Saturday, December 8, 2012

Comfort

I am not depressed. Please don't start that rumor, my mother will go ballistic and start googling ways to deal with my depression.

While not a candidate for the pysc ward, it is hard to be unemployed. Filling out apps every day, only to hear nothing, is frustrating. And while I am doing a very good job of keeping myself busy, it is unnerving not to know what my plans are in the future. When I get like this, I always crave the same things. I am a creature of habit, and very predictable, and I'm sure those who know me well already know I am falling into my "Jen is unsure of her future" pattern. Those things include:

1. Beverly Hills 90210. I love this show, I grew up with it. So whenever I am feeling unsure or nervous, I watch it on repeat. When I got laid off the first time in 2008, I became absolutely obsessed with the reruns and had to be physically removed from my tv. I just wish Party of Five was also on Soapnet.

2. Green Day's "Dookie" album. I am not even a Green Day fan, but this album just takes me back to my carefree teenage days, when medical bills and rent weren't issues, and my biggest problem was my boyfriend giving another girl a ride home.

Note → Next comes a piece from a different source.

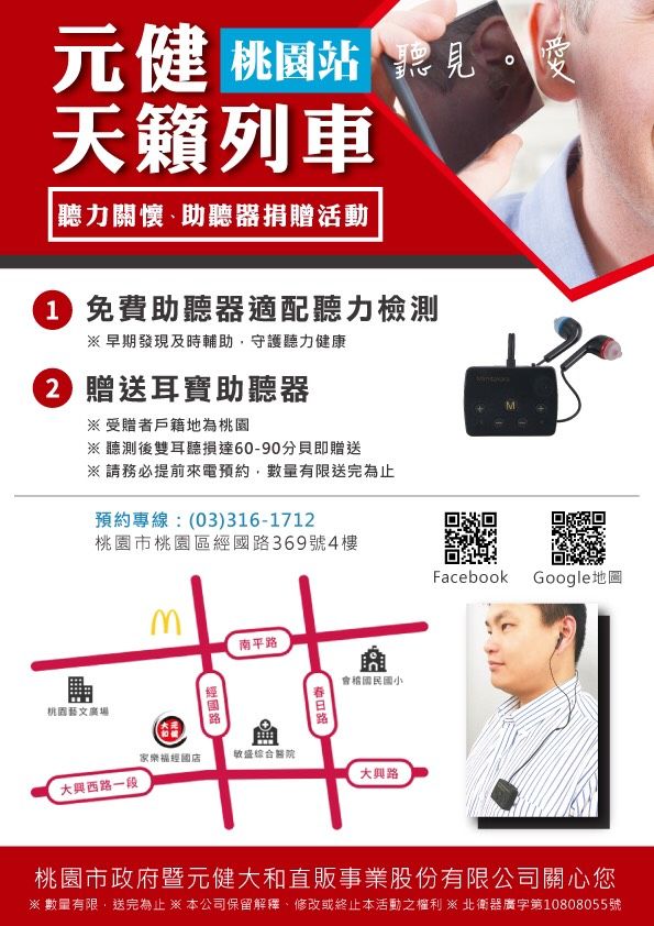 凡設籍桃園市,年滿18歲的民眾,測得聽力損失達60至90分貝者,可免費領取多功能助聽器1台,限量500台,有需求的民眾可至元健大和直販公司桃園經國店辦理(桃園市桃園區經國路369號4樓),洽詢專線03-3161712。

3. Wizard of Oz. Duh. Everyone knows this. Last night when I was trying to fall asleep I actually got a craving for this movie.

4. My nephew. Gavin is the coolest cucumber I know. Hanging out with him is like hanging out with a very short, very honest adult. He is so chill, he just calms me down.

5. My dad's kitchen table. That is the place I feel most at home.

1 comment:

  1. Many world problems ( at least our world problems) have been discussed/solved at Big Brett's table and on the trampoline! So sorry to hear about the job news but look at it this way, when one door closes a window opens. You'll land where you need to. Hugs and hang in there! See you at Christmas!